Tidak ada sanggahan, itu artinya Mirza mengizinkan Tuan Bahadir untuk melanjutkan ceritanya.
"Waktu itu tunangan anak saya juga meninggal karena seseorang, setelah itu dia menikahinya hanya untuk balas dendam."
Ungkapan itu murni yang dialami anak Tuan Bahadir, namun seperti sebuah sindiran bagi Mirza yang juga menikahi Haira hanya untuk balas dendam.
"Lalu?" Mirza meletakkan kedua tangan nya di atas meja. Kali ini ia antusias mendengar cerita dari kliennya itu.
"Dia tidak ingin menjamah wanita di luaran, yang pastinya sudah dipakai banyak orang. Maka dari itu dia menikahi orang yang sudah membunuh calon menantu saya," imbuhnya.
Kejadian itu bahkan seperti sebuah foto kopi bagi Mirza saat ini. Sama persis, hanya saja, pembunuhan itu sengaja dan tidak.
"Setelah anak saya puas menghancurkan kehidupan perempuan itu, dia menceraikannya. Sekarang dia sudah menikah dengan perempuan yang dicintai. Ia sudah lega bisa membalaskan dendam atas kematian tunangannya."

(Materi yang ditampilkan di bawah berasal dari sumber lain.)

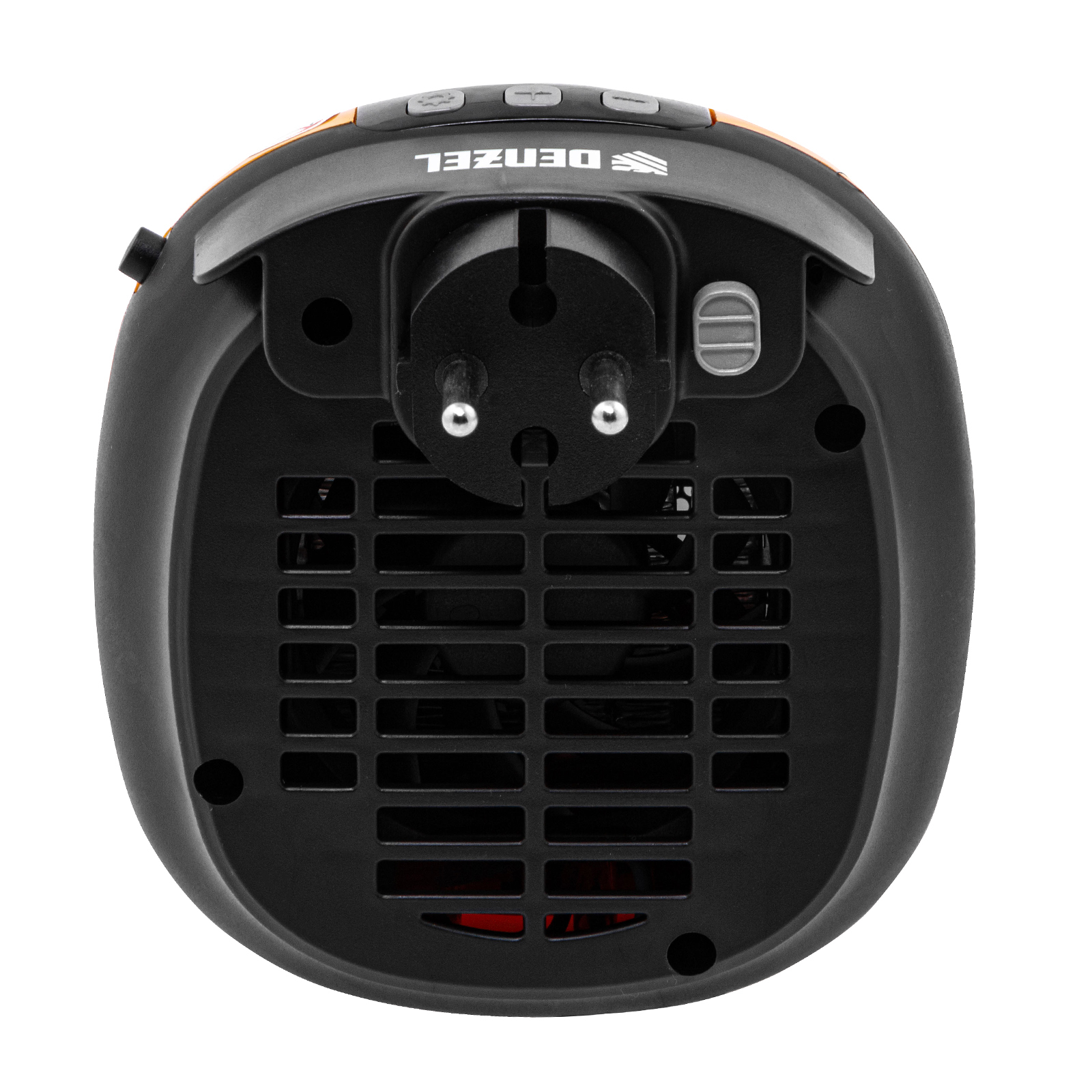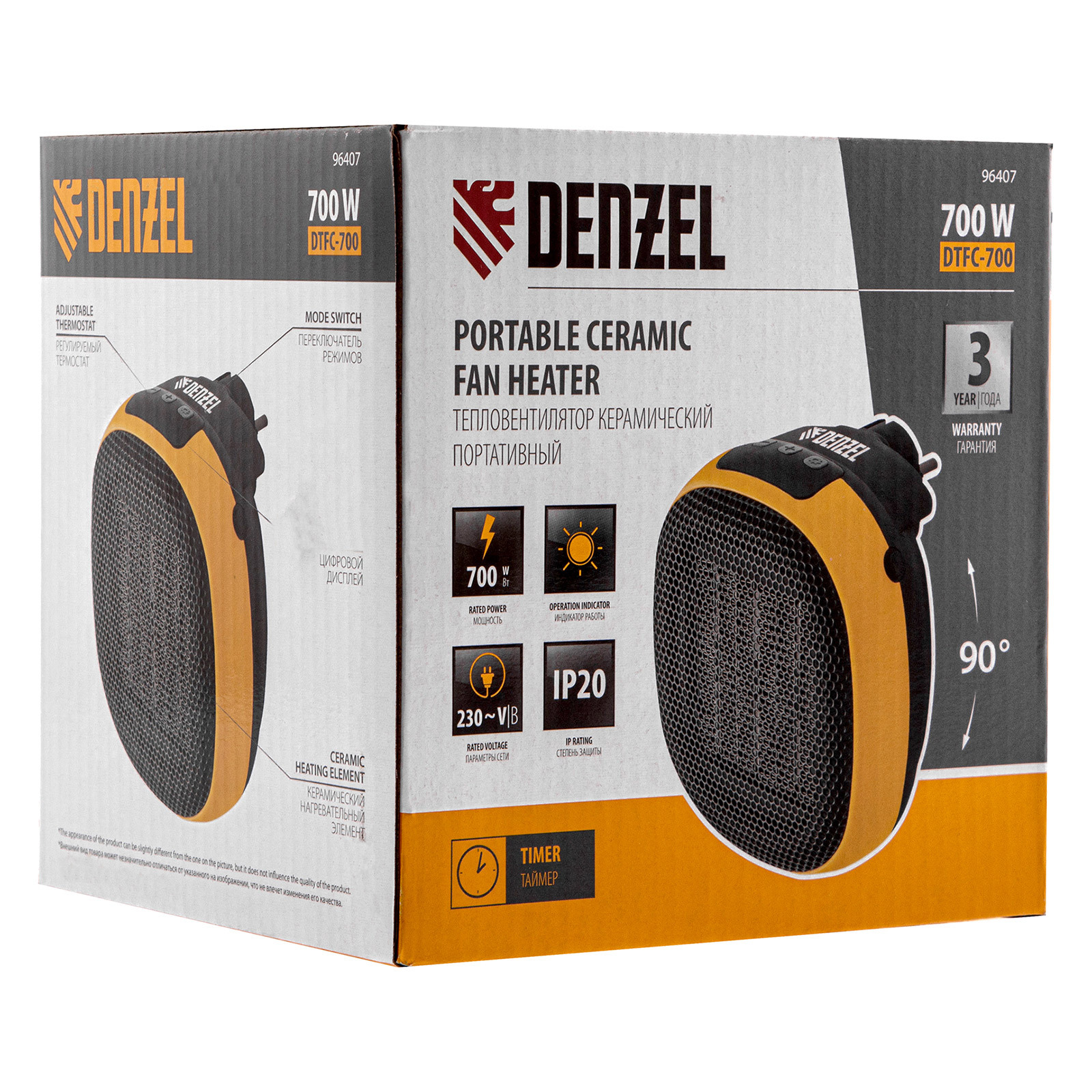 Портативный керамический тепловентилятор Denzel DTFC-700 96407 номинальной мощностью 700 Вт может работать в одном из двух режимов: нагрев с максимальной либо пониженной скоростью вентилятора (тихий режим). Используется в помещениях площадью до 10 кв. м., а также подходит для локального обогрева — например, рабочего места. Прост в эксплуатации и не требует технического обслуживания. Благодаря керамическому нагревательному элементу тепловентилятор не сушит воздух и не сжигает пыль, поэтому комфортен в использовании.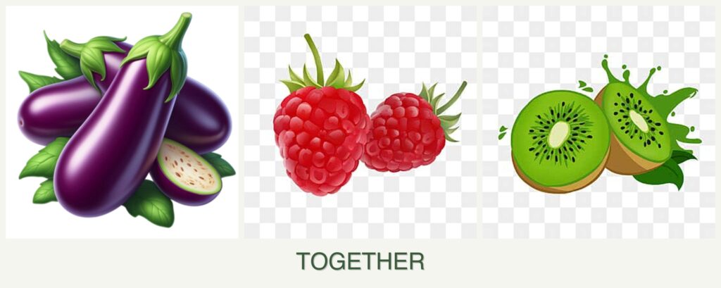 - Growth Requirements: Eggplants need warm temperatures, while raspberries and kiwis have different climate preferences.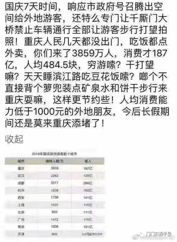 网上有人拿重庆话调侃,国庆期间接待游客最多的城市,竟然人均消费不到500元!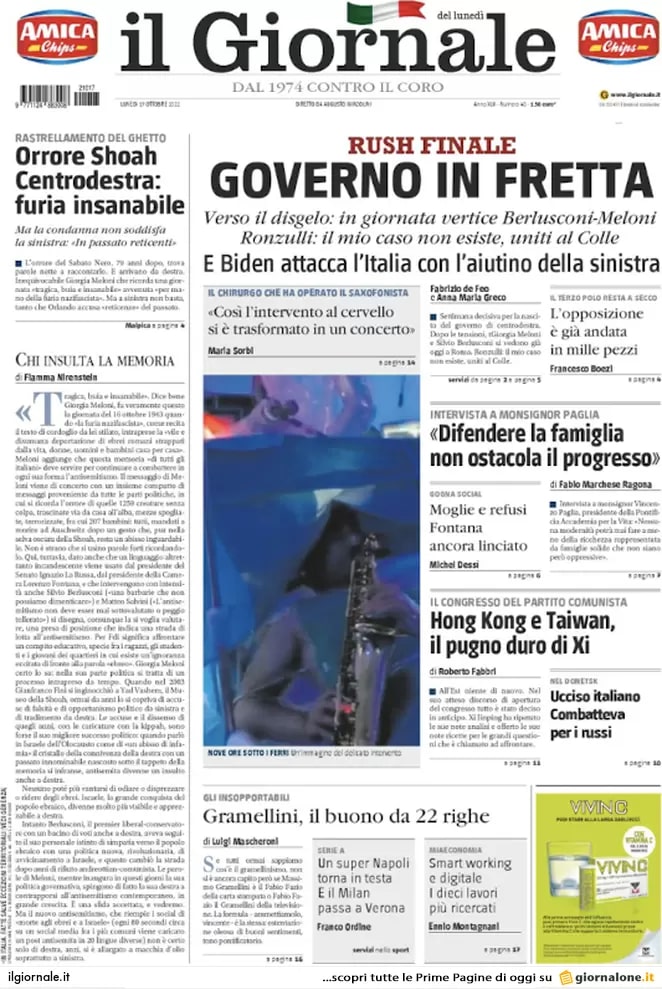 "Un super Napoli torna in testa. E il Milan passa a Verona" scrive Il Giornale sulla Serie A e sulle partite di ieri. Vittoria del Napoli di Spalletti per 3-2 contro il Bologna: azzurri nuovamente primi in classifica, effettuato il sorpasso sull'Atalanta. In serata invece successo per 2-1 da parte del Milan in casa dell'Hellas Verona: decisivo ancora una volta Sandro Tonali.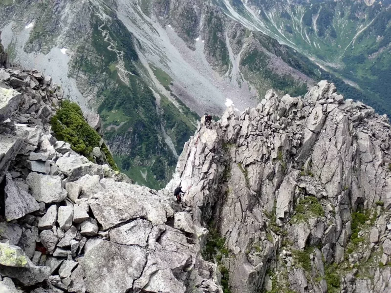 槍ヶ岳をバックにすぐ手前でクライマーを発見 見事に懸垂下降されていた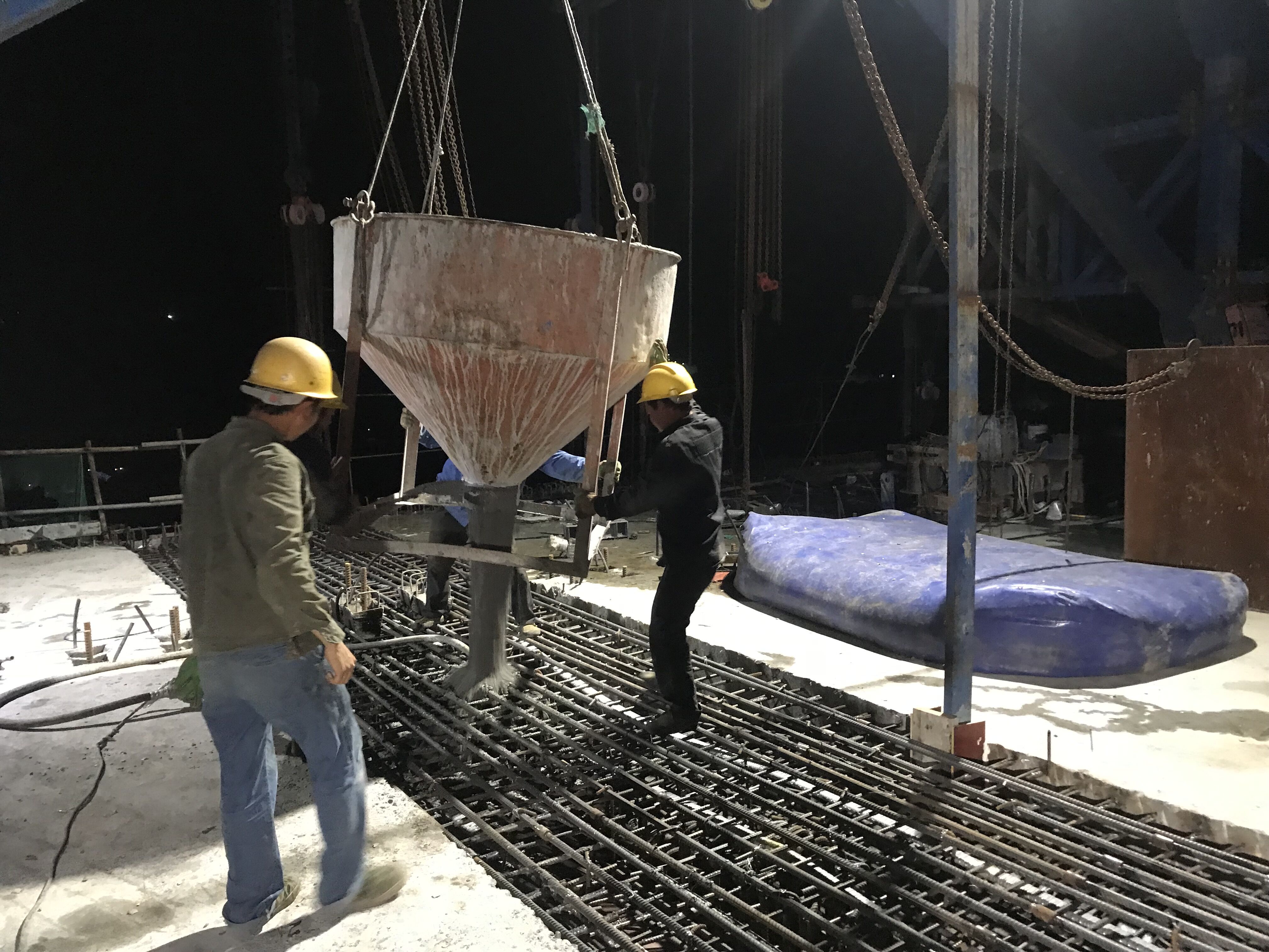 9月16日零时,渝黔高速公路扩能项目两合江特大桥右幅连续刚构18号墩中跨合龙前混凝土浇筑场景。鲁文涛 摄
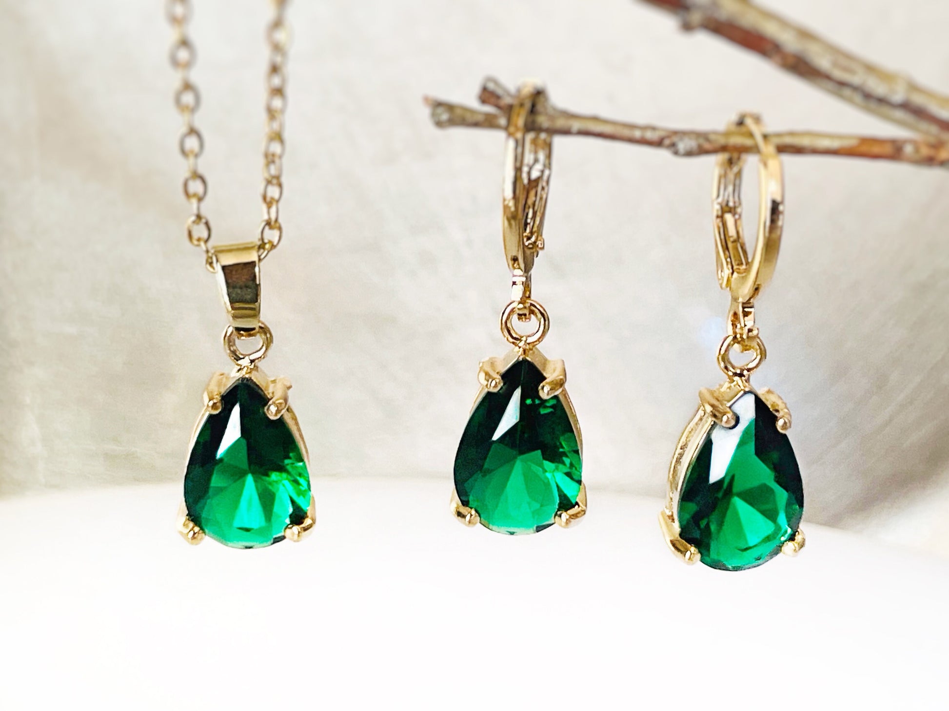 Teardrop gemstone 2pc jewelry set, dangle earring and necklace jewelry set, bridesmaids gift, gift for her, birthstone gift set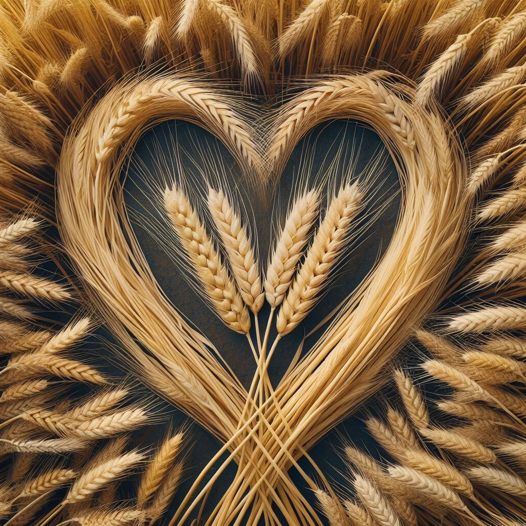 agriculture, background, bread, cereal, farm, field, food, golden, grain, harvest, heart, love, nature, organic, rural, season, shape, stalks, summer, wheat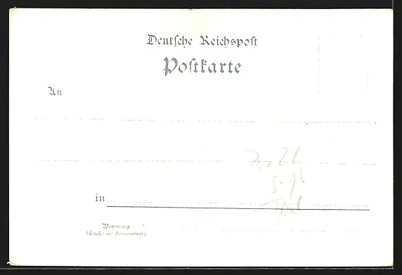 Personenbezogene Daten auf der Rückseite der Karte wurden durch blauen Textmarker unkenntlich gemacht. Die blauen Stellen sind auf die Vorderseite durchgeweicht und wirken sich negativ auf das Postkartenfoto aus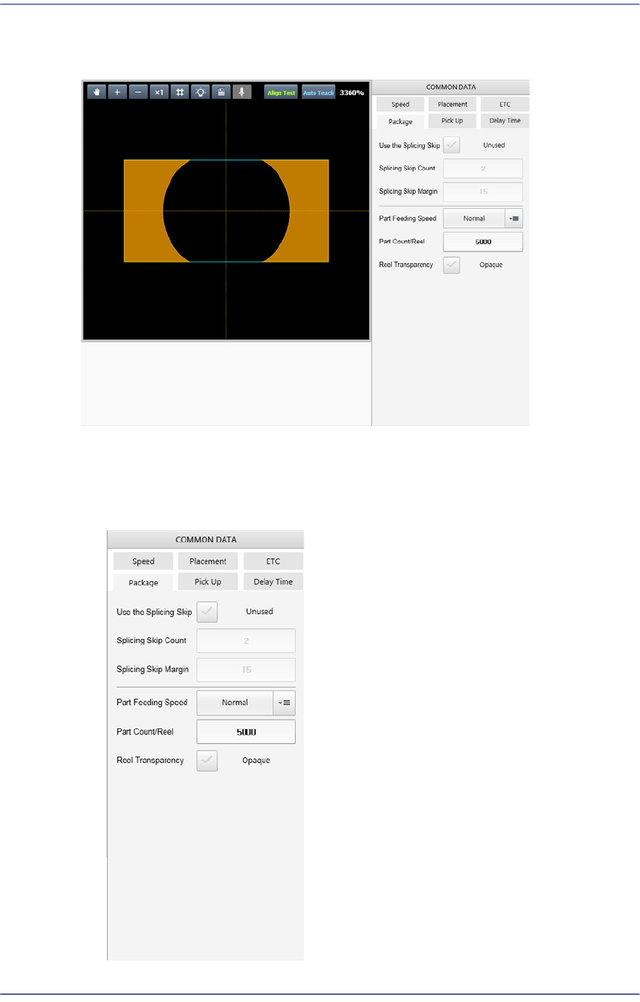 7-62 Fast Flexible Placer SM481(L) PLUS Administ r ator’s Guide 7.2.2.7. COMMON DATA Sets the handling parameters related to part pickup and placement. 1: Common Parameter <Package> tab Sets the parame t ers rela…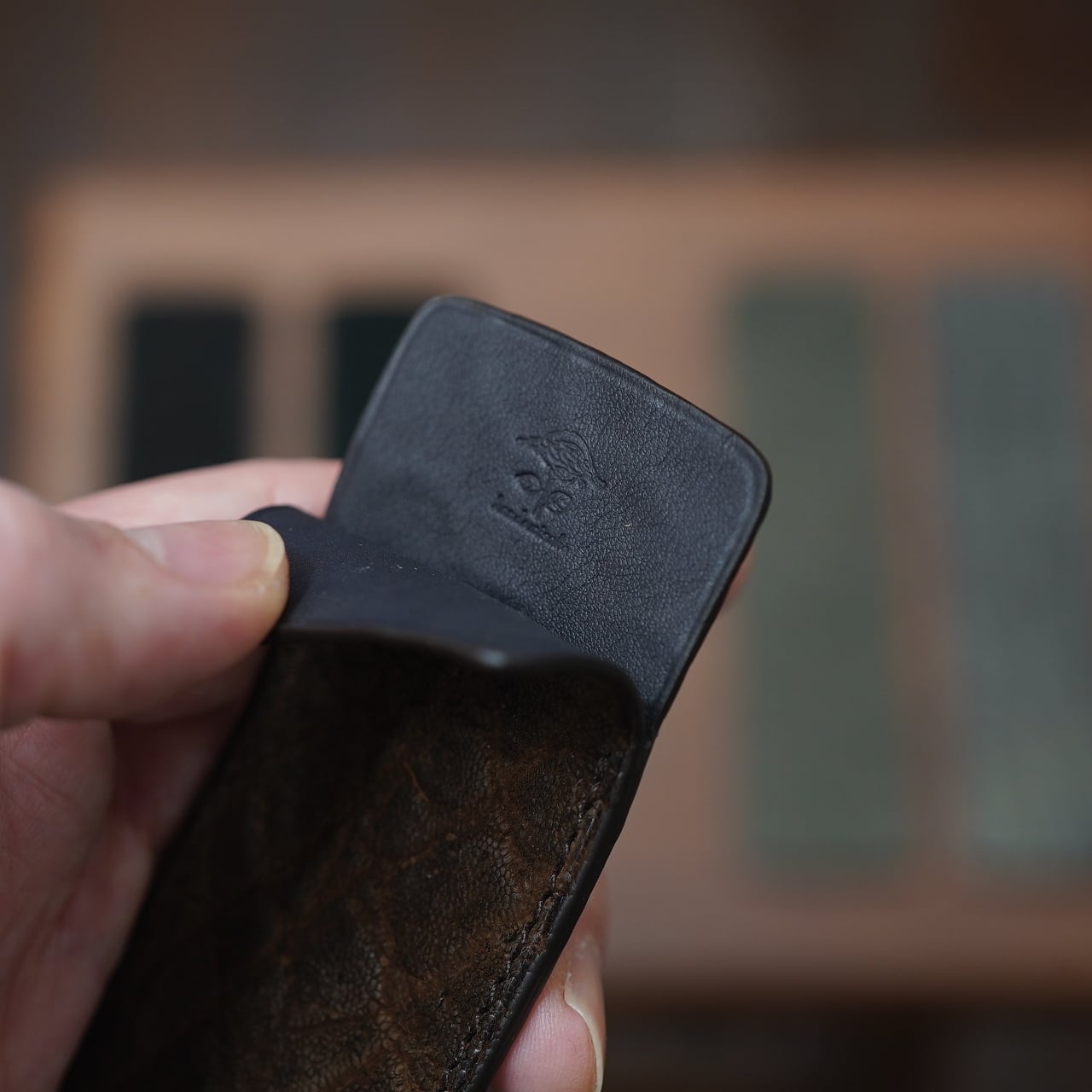 また、ステッチやコバのあたりの革は少し薄くして全体を薄型に、けれどボディの部分は端より少しだけ厚くすることで、「薄いけれどもふっくらとした革の質感の良さは感じられる」つくりになっています。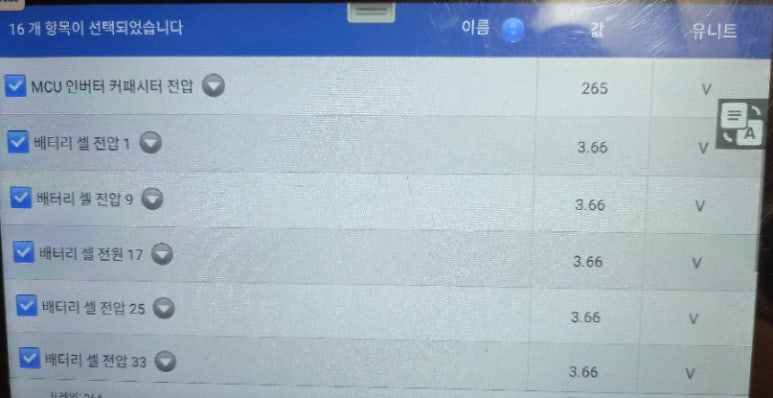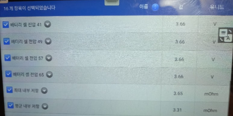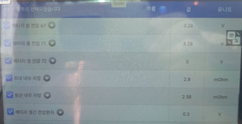 배터리셀간 전압 편차는 0.30볼트 수준으로 현대기아차 매뉴얼상 기준치인 0.02볼트의 15배 수준으로 심각한 상황이었습니다. 배터리셀간 전압 편차의 경우 0.00볼트를 제외한 전압이 나오는 배터리셀간 전압만 놓고 최대셀전압과 최소 셀전압 편차를 계산하여 데이터로 제공하므로 전체 셀 점검 후에 편차를 놓고 판단해야 합니다.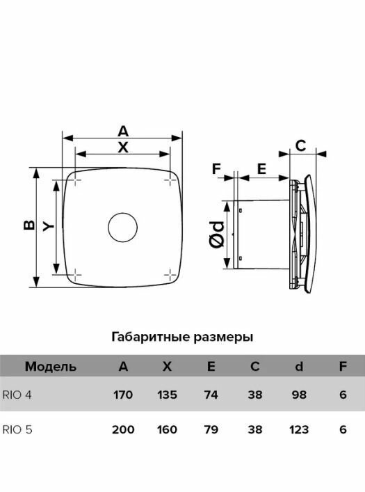 Вытяжной вентилятор 125 с обратным клапаном RIO 5C Obsidian

Terdengar sangat keji, namun Mirza menyukainya, ia seperti mendapat jalan bagaimana harus memperlakukan Haira dengan tidak adil.
Ponsel milik Mirza berdering, ia segera mengangkatnya setelah melihat tulisan yang tertera di layar.
"Za, malam ini aku punya santapan empuk buat kamu. Dia model terkenal yang baru datang dari luar negeri," ucap seseorang dari seberang ponsel.
Mirza tak tertarik dengan itu semua, namun ia harus mencari pasangan hidup yang membuatnya lupa akan masa lalunya bersama Lunara. Tidak mungkin ia larut dalam kesedihan yang tidak bisa mengembalikan sang kekasih.
"Baiklah, nanti malam kita bertemu," jawab Mirza lalu menutup sambungannya.
Bersiaplah menerima hadiah dariku. Kehancuranmu adalah kesuksesan bagiku. Aku tidak akan membiarkanmu menikmati indahnya dunia.
Mirza mengepalkan kedua tangannya. Bibirnya tersenyum licik mengisyaratkan sesuatu.